OK so the guy says, "you own Panasonic and want Epson right? I say well I am not sure thats why I want to see some demo's.
Now he starts with saying I dont know what I am doing, Panasonic and Epson are for mass market buyers who dont know anything but the numbers they publish, contrast doesnt mean a thing, Lumens dont mean a thing and so on.
He show me a 540p Runco model as its the only one set up after superbowl rush, it looks ok but its grey in blacks and sorta good but lifeless....no pop or sizzle.
"Runco at $12000 or Mitsubishi Diamond model (I cant recall) is the way to go but you dont have enough cash to do it right" (as I foolishly noted I was in the sub $2000 market).
OK just wanted to vent, I bought the Rotel and BW speakers from these guys 4 years ago and saw nobody I remembered, as a past customer and current user of Projector I felt insulted by their treatment of me, they asked me questions as if they wanted me to walk into a trap so they could tell me I know nothing.
Anyway I walked out of there mad that I even went in, and even more mad I spent money there before, if I dont know anything thats fine but dont ask me what I am looking for and then slap me around for it......thats just rude.
Also insulting a purchase from Panasonic or Epson (or likely anything they dont sell) is silly...........................is it just me?


----------



## tonyvdb (Sep 5, 2007)

"*Panasonic and Epson are for mass market buyers who dont know anything but the numbers they publish, contrast doesn't mean a thing, Lumens dont mean a thing and so on*"
That statement in its self says alot about the people you talked to. They obviously have no clue. The so called "mass market" is what is driving the sales of projectors and if it was not for us the prices would still be way out of reach for most of us.
I personally would writ a letter to the owner of the store informing him of your experience and the fact that you have bought stuff from them in the past.


----------



## Anthony (Oct 5, 2006)

Yeah, I don't go to many stores anymore for that reason. Once you learn, you start to spot the sales tactics.


----------



## salvasol (Oct 31, 2006)

tonyvdb said:


> I personally would writ a letter to the owner of the store informing him of your experience and the fact that you have bought stuff from them in the past.

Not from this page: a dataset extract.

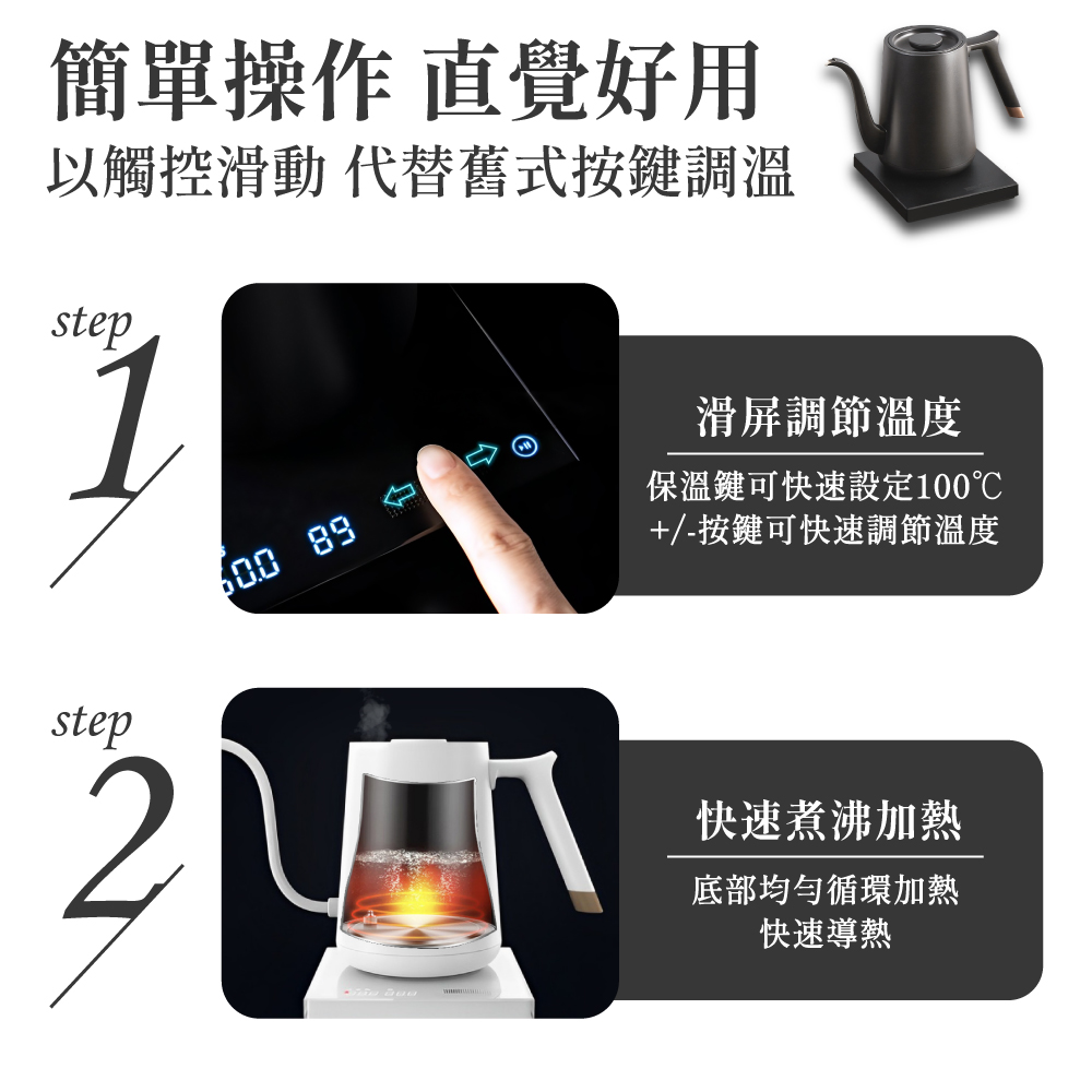 溫度控制範圍廣泛,從40°C到100°C,600ml的水只需約3分鐘即可加熱至90°C,

I agree, a letter of complaint is a good idea.

You can mention that you're a past client that were happy with the previous experience that you came back, but after this incident you'll take your business somewhere else and also will not refer new clients.

Hopefully the owner will understand and will offer you a good deal :yes:


----------



## tcarcio (Jun 27, 2007)

It is pretty sad the way they treated you but I have found that if you go into a high end a/v store and talk about mass market stuff they basically blow you off. If I want good info I come here but if I want to buy a two meter cable that costs as much as my whole system then I go talk to the high end guy's. Don't get me wrong I go and look at the high end stuff but I don't even ask to talk to anybody because of what you ran into. Maybe when I win the lottery...........:spend:


----------



## Blaser (Aug 28, 2006)

These are commonly known sales techniques that will have good results with naive people, but cannot work with us shacksters


----------



## DougMac (Jan 24, 2008)

superchad said:


> Now he starts with saying I dont know what I am doing, Panasonic and Epson are for mass market buyers who dont know anything but the numbers they publish, contrast doesnt mean a thing, Lumens dont mean a thing and so on.
> Also insulting a purchase from Panasonic or Epson (or likely anything they dont sell) is silly...........................is it just me?


Translation: "We can't make a high enough margin on Panasonic or Epson to be bothered." Your concern about prior purchases may be well founded, you might have been able to do better for less. The only thing you can do now is to not be victimized twice.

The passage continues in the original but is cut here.